(Dataset records)
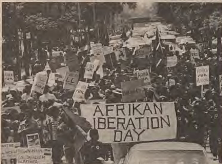
This year's ALD demonstrations will be held in ALSC local cities on May 24th, emphasis will be on the liberation struggle in Southern Afrika and its relationship to the Black liberation struggle in the U.S. and the crisis Black people face here. Solidarity with the Viet Nam and Cambodian victories and the struggle against U.S. backed Zionist imperialism in the Middle East will also be part of the ALD themes, focusing on the general crisis of imperialism internationally!

The Afrikan Liberation Support Committee is an anti-racist, anti-imperialist Black united front, which grew out of the Black Liberation Movement; the struggle of Black people in the United States for self-determination over their lives, for
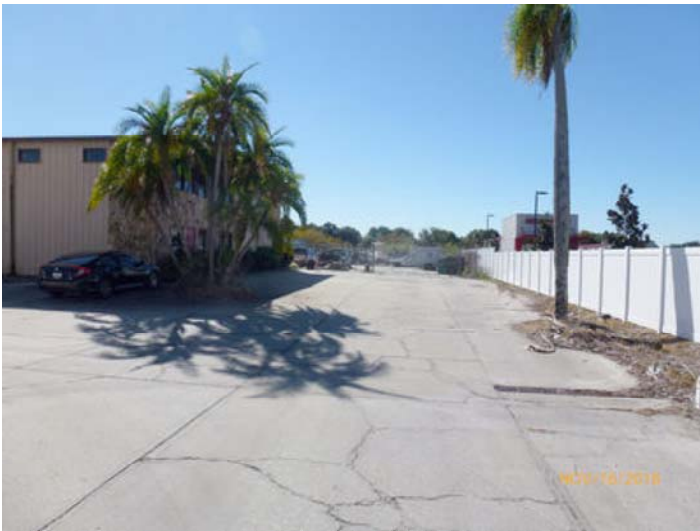
Access from SR 70 E
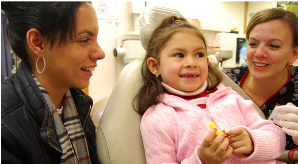
PRASAD Children's Dental Program Inc.
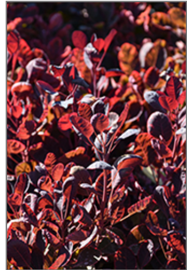
Velveteeny Purple Smokebush foliage

This plant is not reliably hardy in our region, and certain restrictions may apply; contact the store for more information.
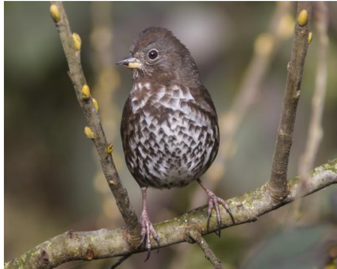
Fox Sparrow – taken at the mouth of the Elk River in Humboldt County

Fox Sparrows are brown with heavily-streaked breasts of triangular markings that merge to a central spot. The legs are pale.
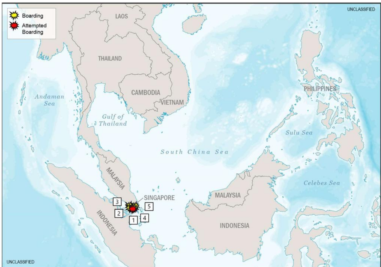
(U) Figure 1. Piracy and Armed Robbery at Sea in Southeast Asia
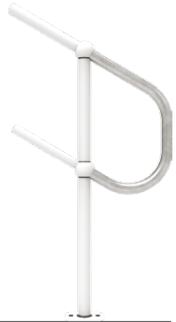
BFCB30 Closure bend 30° angle
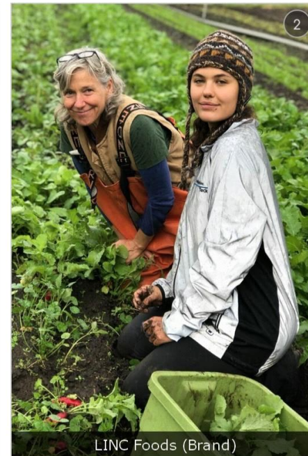
LINC Foods (Brand)
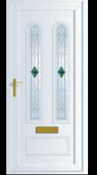
Cambridge FUSED GREEN
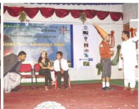
Drama at Autumn Aura
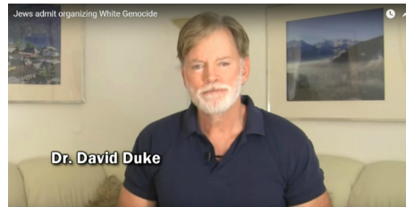
Former KKK leader David Duke narrates a YouTube video titled "Jews admit organizing White Genocide."
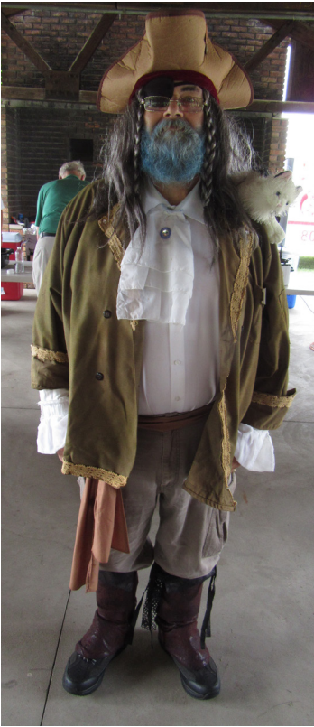
Shrine Clown "Blue Beard"
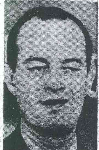
"... a perplexing affair . . ."
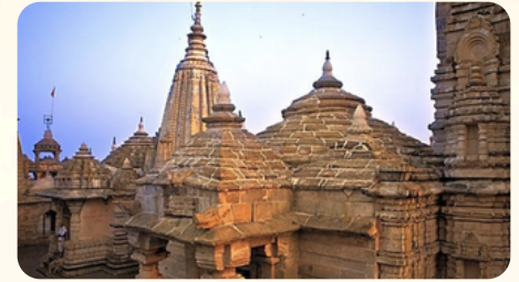
Ram Temple, Ramtek
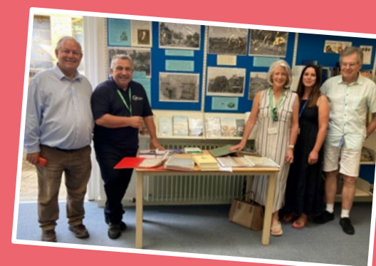
Winslow heritage event
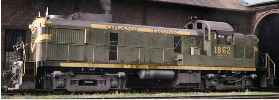
taken in 1955
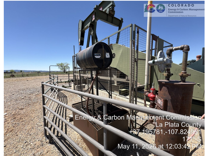
7. Wellhead, pump jack and prime mover.
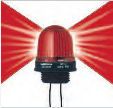
Mainly sideways illumination
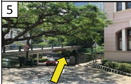
5 Walk down the slope.
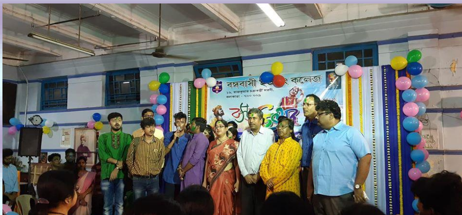
Celebration of "Basontotsob", the festival of colours
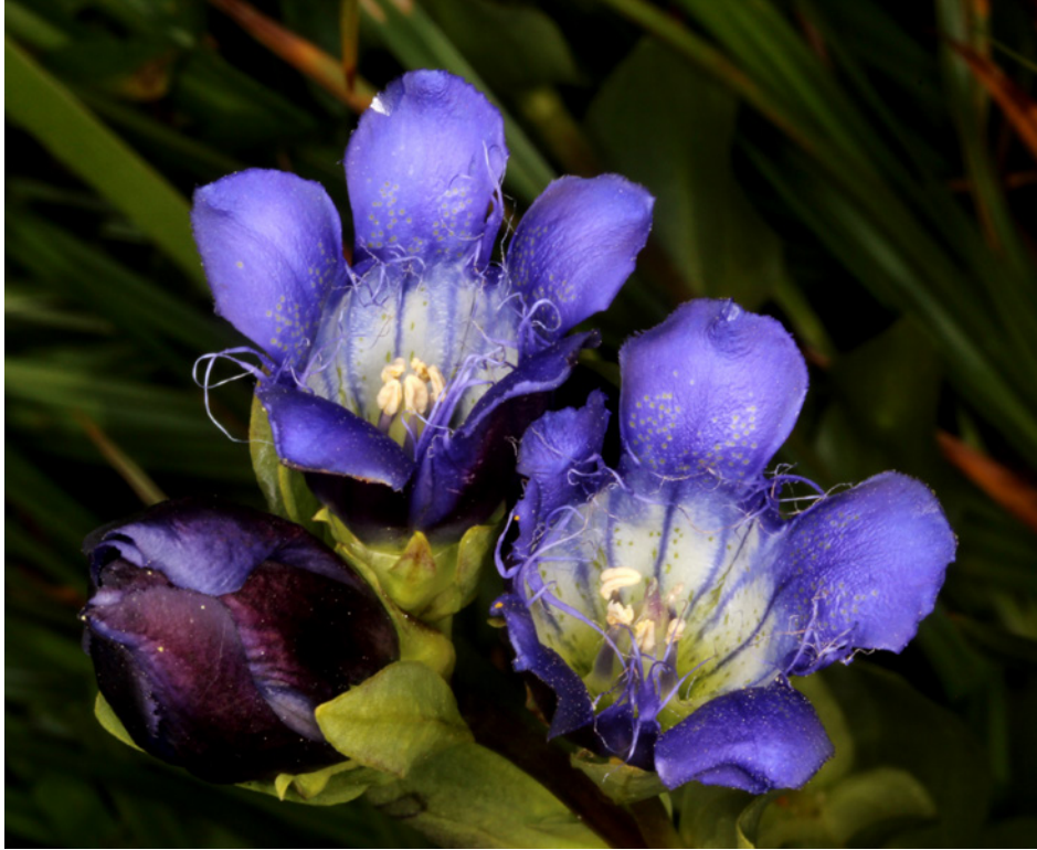
Mendocino gentian, a regionally endemic species.
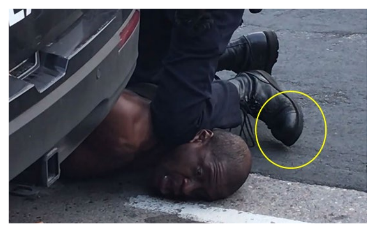
(Chauvin Ex. 15 (D.F. Video) at 2:33.)

Most shockingly, Chauvin did not even remove his knee from Floyd's neck when the ambulance arrived. Instead, as the following image shows, Chauvin continued to press his knee into Floyd's neck even as a paramedic checked for Floyd's pulse . (FF ¶ 131.10.)
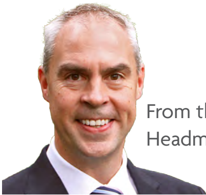
From the Headmaster

This week we proudly welcomed many visitors to St John's. The sun shone for Open Morning on Wednesday where our Year 7 and 8 boys served as wonderful ambassadors
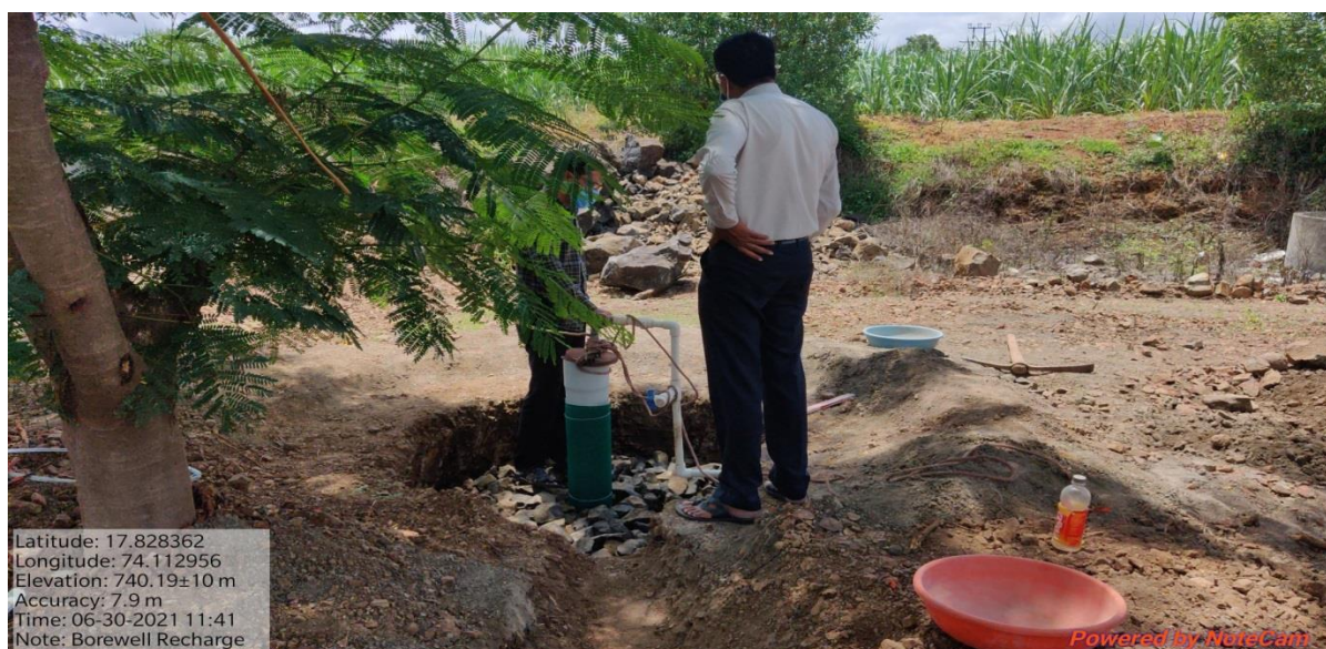
Photo of Roof Water Harvesting and Borewell Recharge at Palashi Project in 2021
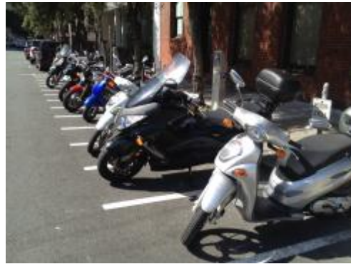
Motorcycle parking spaces need dimensional standards.
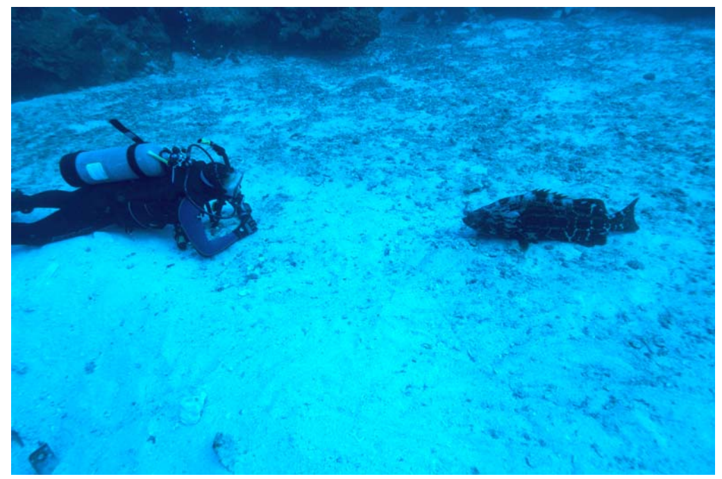
Black grouper making friends with Emma.

After conducting our work at the West Bank, we returned to the East Bank to continue our spawning observations and research.
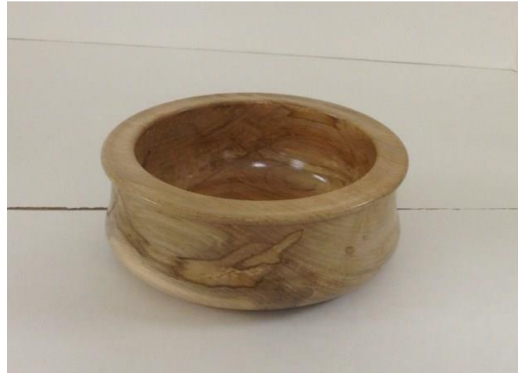
Ambrosia Bowl for Empty Bowl Project
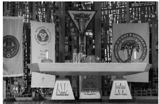
Joyful Divine Services were held in the Concordia University Chapel of the Holy Trinity.

Thank you to everyone who attended the English District’s 55 th Convention. A lot of work goes into planning and logistics, but it is the dedication of the delegates who take the time away from their daily lives to come together, listen, pray and vote that allows the English District to continue its ministry.
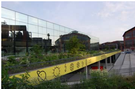
Fig. 4 Mirror glazing

Facade carried out in this way has significantly more plastic character compared to the compress. Individually baked bricks have variable coloring and joints are much deeper, the facade then doesn't caused compact impression.
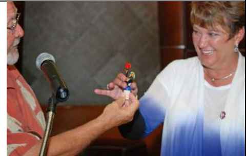
Too many jokes, not enough room.
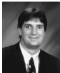
Rep. Torrey Westrom

The Capitol building isn't as big as it once was, at least in the eyes of one lawmaker. And legislators don't seem so "super human" anymore.
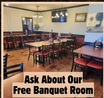
Ask About Our Free Banquet Room
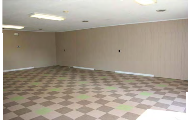
(Inside the girl's dorm- sleeping area)
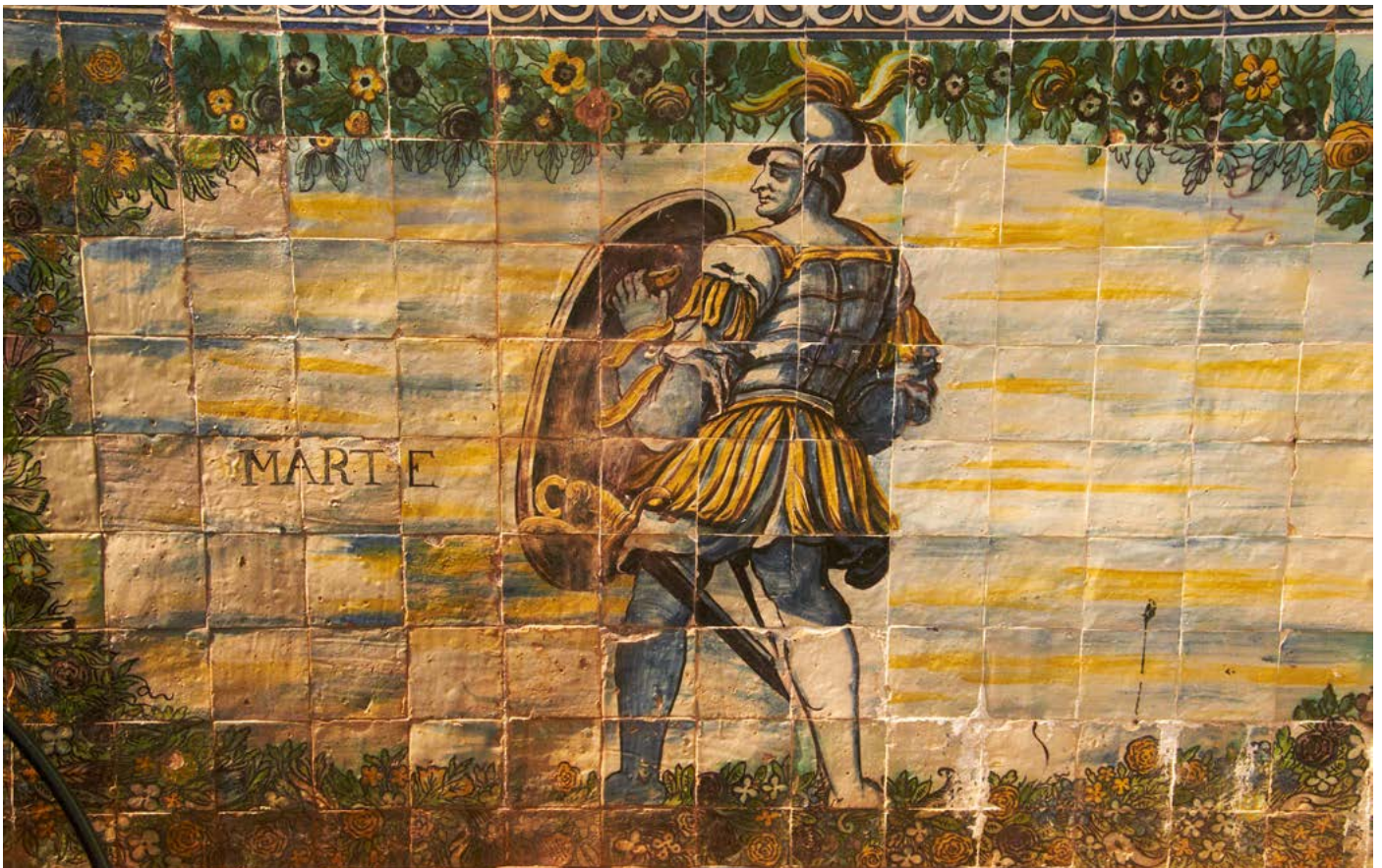
Mars, Tiles , Fronteira Gardens

During the Renaissance the natural motions of the heavens, planets and stars were believed to affect not

**EXERCISE GOAL:**
Reproduce the data above exactly, but only the lines from the one showing "5 Walk down the slope." through the one showing "(Chauvin Ex. 15 (D.F. Video) at 2:33.)", with both ends kept and the pictures left out.

**RESPONSE AREA:**
5 Walk down the slope.
Celebration of "Basontotsob", the festival of colours
Mendocino gentian, a regionally endemic species.
(Chauvin Ex. 15 (D.F. Video) at 2:33.)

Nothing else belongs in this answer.